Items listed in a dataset

--------------------------------

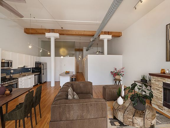 Spacious 2BR/2BA West Loop loft with a prime assigned parking spot! This stunning loft boasts dramatic 14ft ceilings, hardwood floors, a washer/dryer, stainless steel appliances, a gas fireplace, a balcony, and more. The main living area features floor-to-ceiling windows and an open kitchen and dining space, perfect for entertaining. The expansive king-size master bedroom offers ample closet space, bath, and complete enclosure. The second bedroom, also completely enclosed, includes a large walk-in closet and is ideal for a guest room, nursery, or office. Conveniently located to both the Loop and West Loop, you're just steps away from the Blue Line and Metra lines, with easy access to the interstate, and within walking distance to the Loop, as well as the area's renowned shopping, bars, and restaurants. The building offers package receiving, a rooftop deck, and a fitness center. A conveniently located parking spot is included!
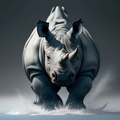 An angry rhino made of porcelain white and blue and red is preparing to attack, in its natural habitat, hyper-realistic, Use a Nikon D850 DSLR camera at 32k resolution with a 200mm lens and F 1. 2 aperture setting to blurs the background and isolates the subject, CGI render, Unreal Engine 5, Octane Render, organic forms, complex patterns, hyper-detailed, high-resolution, --9:16, full fram --Chaos 75, wildlife photography
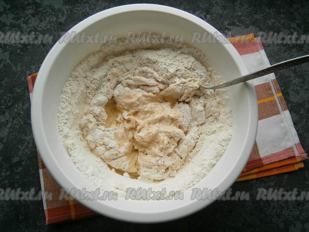 Добавить в мучную смесь опару, перемешать.
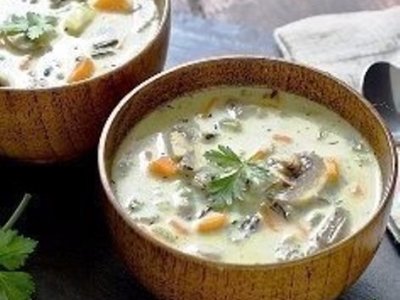 Вимийте у проточній воді куряче м’ясо. Крильця розріжте навпіл (якщо використовуєте інше м’ясо, розріжте на порційні шматочки). Увімкніть мультиварку в режим «жарка» і додайте в каструлю оливкової олії. Дайте каструлі трохи нагрітись і обсмажуйте курячі крильця по 6-8 хвилин з кожного боку. Очистіть і вимийте цибулю й моркву, наріжте їх півкільцями (або дрібно) і додайте в каструлю. Обсмажуйте разом з куркою, часто перемішуючи, ще 10 хвилин. Гриби вимийте, трохи просушіть і наріжте пластинками. Додайте у каструлю й обсмажуйте все разом до повного випаровування води, поки гриби стануть трішки золотистими (близько 10-12 хв.). Додайте в каструлю ложку борошна, все перемішайте. Тонкою цівкою влийте вершки, розмішайте. Приправте суп сіллю і перцем. Промийте рисову крупу і додайте її в каструлю, залийте гарячою водою. Увімкніть режим «тушіння» на 45 хвилин. Після закінчення програми додайте в каструлю лавровий лист, дрібно нарізану петрушку і дайте супу настоятися ще 10-15 хвилин під кришкою. Подаючи суп на стіл, додайте в кожну тарілку трохи зелені петрушки. Смачного!
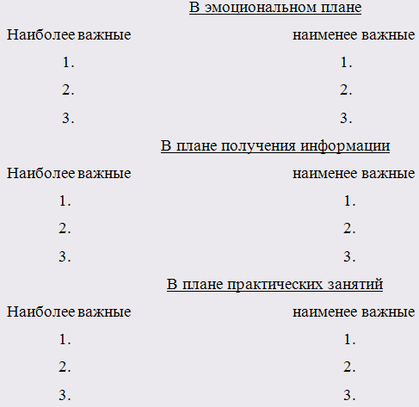Выразите степень значимости (важности) для Вас предложенных понятий в эмоциональном плане, в плане получения информации и в плане практических занятий. Для этого выберите три наиболее важных и три наименее важных понятия из предлагаемого списка.

--------------------------------

- **Exercise directions**
With the pictures removed, please retype each record exactly.

- **Response to this task**
 Spacious 2BR/2BA West Loop loft with a prime assigned parking spot! This stunning loft boasts dramatic 14ft ceilings, hardwood floors, a washer/dryer, stainless steel appliances, a gas fireplace, a balcony, and more. The main living area features floor-to-ceiling windows and an open kitchen and dining space, perfect for entertaining. The expansive king-size master bedroom offers ample closet space, bath, and complete enclosure. The second bedroom, also completely enclosed, includes a large walk-in closet and is ideal for a guest room, nursery, or office. Conveniently located to both the Loop and West Loop, you're just steps away from the Blue Line and Metra lines, with easy access to the interstate, and within walking distance to the Loop, as well as the area's renowned shopping, bars, and restaurants. The building offers package receiving, a rooftop deck, and a fitness center. A conveniently located parking spot is included!
 An angry rhino made of porcelain white and blue and red is preparing to attack, in its natural habitat, hyper-realistic, Use a Nikon D850 DSLR camera at 32k resolution with a 200mm lens and F 1. 2 aperture setting to blurs the background and isolates the subject, CGI render, Unreal Engine 5, Octane Render, organic forms, complex patterns, hyper-detailed, high-resolution, --9:16, full fram --Chaos 75, wildlife photography
 Добавить в мучную смесь опару, перемешать.
 Вимийте у проточній воді куряче м’ясо. Крильця розріжте навпіл (якщо використовуєте інше м’ясо, розріжте на порційні шматочки). Увімкніть мультиварку в режим «жарка» і додайте в каструлю оливкової олії. Дайте каструлі трохи нагрітись і обсмажуйте курячі крильця по 6-8 хвилин з кожного боку. Очистіть і вимийте цибулю й моркву, наріжте їх півкільцями (або дрібно) і додайте в каструлю. Обсмажуйте разом з куркою, часто перемішуючи, ще 10 хвилин. Гриби вимийте, трохи просушіть і наріжте пластинками. Додайте у каструлю й обсмажуйте все разом до повного випаровування води, поки гриби стануть трішки золотистими (близько 10-12 хв.). Додайте в каструлю ложку борошна, все перемішайте. Тонкою цівкою влийте вершки, розмішайте. Приправте суп сіллю і перцем. Промийте рисову крупу і додайте її в каструлю, залийте гарячою водою. Увімкніть режим «тушіння» на 45 хвилин. Після закінчення програми додайте в каструлю лавровий лист, дрібно нарізану петрушку і дайте супу настоятися ще 10-15 хвилин під кришкою. Подаючи суп на стіл, додайте в кожну тарілку трохи зелені петрушки. Смачного!
Выразите степень значимости (важности) для Вас предложенных понятий в эмоциональном плане, в плане получения информации и в плане практических занятий. Для этого выберите три наиболее важных и три наименее важных понятия из предлагаемого списка.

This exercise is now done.